» What needs to be done:
For this task, copy all of the data below exactly and skip the pictures.

» The data:

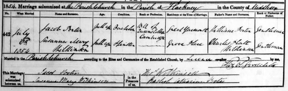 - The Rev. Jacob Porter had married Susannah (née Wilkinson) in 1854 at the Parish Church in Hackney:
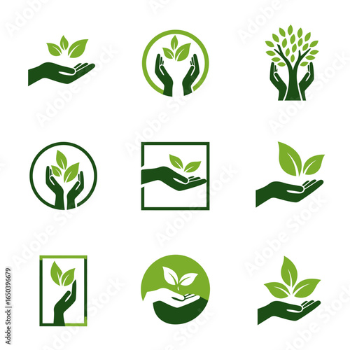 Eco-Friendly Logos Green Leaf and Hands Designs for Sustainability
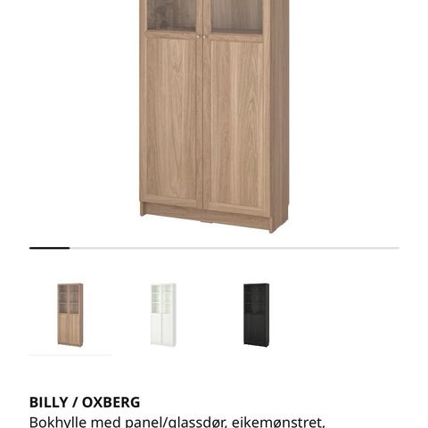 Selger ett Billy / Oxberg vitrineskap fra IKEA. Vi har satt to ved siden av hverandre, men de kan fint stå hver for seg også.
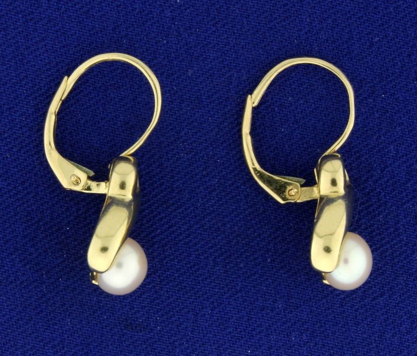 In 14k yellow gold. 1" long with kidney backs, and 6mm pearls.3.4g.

» Result for this task:
 - The Rev. Jacob Porter had married Susannah (née Wilkinson) in 1854 at the Parish Church in Hackney:
 Eco-Friendly Logos Green Leaf and Hands Designs for Sustainability
 Selger ett Billy / Oxberg vitrineskap fra IKEA. Vi har satt to ved siden av hverandre, men de kan fint stå hver for seg også.
 In 14k yellow gold. 1" long with kidney backs, and 6mm pearls.3.4g.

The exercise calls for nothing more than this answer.